Our data show a slight increment in the tensile strength at the initial period of the observed interval. By the 12th week, it returns to its initial value and remains unchanged until the end of the 24-week follow-up. Lőrinczy’s research group extended the follow-up period in their subsequent study, confirmed the same results as before, and published another significant observation: a systematic decrease occurs in the thermal stability in the analysed arterial grafts after the 12th week of storage. According to our findings, there may be a relationship between the decrease in thermal stability and the nanomechanical results. However, our results do not indicate a significant decrease in the elastic modulus of the arterial allograft wall, but the average modulus showed an increasing trend, suggesting an increasing rigidity [41].
The results of the nanomechanical testing and the enhanced thermal instability over time indicate changes in the ECM. However, when evaluating the mechanical tests, we must carefully assess their clinical relevance. While our study provides insight into the mechanical stability of cryopreserved vascular allografts, it is important to emphasise that mechanical assessment alone does not permit definitive conclusions regarding the functional integration of CPAs following implantation. Graft performance also depends on cellular viability and host–graft interactions. Several studies have demonstrated that cryopreservation can lead to considerable cellular impairment, particularly affecting cellular viability. Cai et al. reported that prolonged cryopreservation of human umbilical vein endothelial cells resulted in compromised angiogenic potential, diminished excretory functions, but increased ICAM-1 expression [42]. Wang et al. found that smooth muscle cells retained their regenerative potential more effectively when using 1.5 M 1,2-propanediol as CPA, compared to DMSO application, which significantly impaired regeneration. Furthermore, mechanical properties were assessed and showed a significant decrease after cryopreservation with 1,2-propanediol [43]. Unfortunately, no mechanical tests were conducted with samples cryopreserved with DMSO. In light of the above results, it is not entirely clear whether there is a correlation between mechanical function and cell viability, so this question must be investigated further.

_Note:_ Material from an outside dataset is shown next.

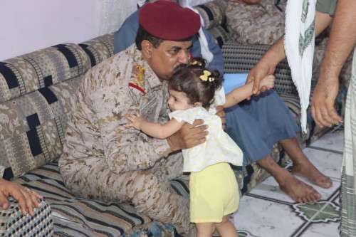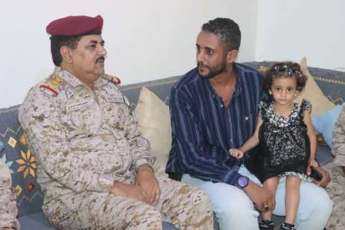 في ذات السياق زار وزير الدفاع أسرة الشهيد اللواء الركن أحمد سيف المحرمي نائب رئيس هيئة الاركان العامة السابق مشيدا بادواره القيادية والنضالية وتنقله في اكثر من جبهة لدحر مليشيا الحوثي الارهابية حتى استشهاده في المخا في فبراير 2017.

While our current results contribute valuable baseline data on mechanical performance, future investigations, including cell viability and histological analyses before implantation and after in vivo graft failure, would be crucial for a more comprehensive understanding of graft function, long-term outcomes, and in vivo effects.
To reach further conclusions regarding the self-life of human CPAs, a more extensive prospective investigation is required. While our current study was not designed to directly assess in vivo outcomes, the preservation of mechanical properties during the 6-month storage period suggests that these grafts retain sufficient structural integrity to resist deformation and withstand hemodynamic forces following implantation. This preserved stability may reduce the risk of complications such as aneurysmal degeneration or anastomotic failure. Future studies integrating biomechanical data with clinical follow-up will be essential to confirm these implications. The mechanical properties of the implanted grafts could be determined several times during storage and even before implantation. This would allow us to compare the complication rate of these grafts with the mechanical results and the length of storage.
The main strength of the current study is that healthy human samples were analysed from one donor at consecutive time points. There are limitations, however. The analysed vascular rings were not completely identical. Because of the destructive measurements, we used consecutive sections of femoral arteries, which may introduce variability in our results. Furthermore, the number of samples was limited by the number of multi-organ donations. This serious difficulty caused an issue in one case: Unfortunately, we could not avoid losing one fresh sample from AFM measurements. The fresh sample was too disintegrated by the time of measurement, and according to its nature, no spare sample was available. The sample count was inherently limited by the low number of brain-dead organ donations, and additional ethical and clinical constraints further restricted sample collection. Since these allografts were designated for clinical use in daily practice, we were required to excise the smallest arterial segments possible for research purposes. To preserve clinical utility, the sampling was limited and reasonably balanced between scientific thoroughness and clinical feasibility. Finally, even larger time-scale measurements are required to assess the potential time-dependent degradation of VA quality. The present findings provide a solid foundation for these long-term studies.

6. Conclusions

According to the results of our multi-scale mechanical tests, the cryopreservation procedure applied here did not significantly modify the mechanical properties of the preserved grafts during the 24-week-long observation period.
The nanoindentation tests revealed a slight increase in elastic modulus overall, but its clinical relevance, evaluated together with the uniaxial ring tests, appears negligible. Altogether, the time factor may exert less influence on the mechanical properties than the various freezing and thawing methods.
Understanding the long-term effects of cryopreservation on vascular tissue integrity remains an area to be explored from other aspects to optimise allograft production and extend storage time to further improve their clinical accessibility and durability.

Supplementary Materials

The following supporting information can be downloaded at: https://www.mdpi.com/article/10.3390/jfb16060198/s1.

Author Contributions

Conceptualisation A.F., L.H., M.K. and P.S.; methodology, E.F. and D.H.; formal analysis, D.S.V.; investigation, G.I.K., L.H., E.F., D.H., G.P.G. and A.K.; resources, M.K.; writing—original draft preparation, G.I.K.; writing—review and editing, L.H., E.F., D.H., G.P.G., M.K. and P.S.; visualisation, E.F., D.H. and D.S.V.; supervision, P.S.; All authors have read and agreed to the published version of the manuscript.

Funding

This research was funded by a grant from the Hungarian National Research, Development and Innovation Office (150826 to M.K.).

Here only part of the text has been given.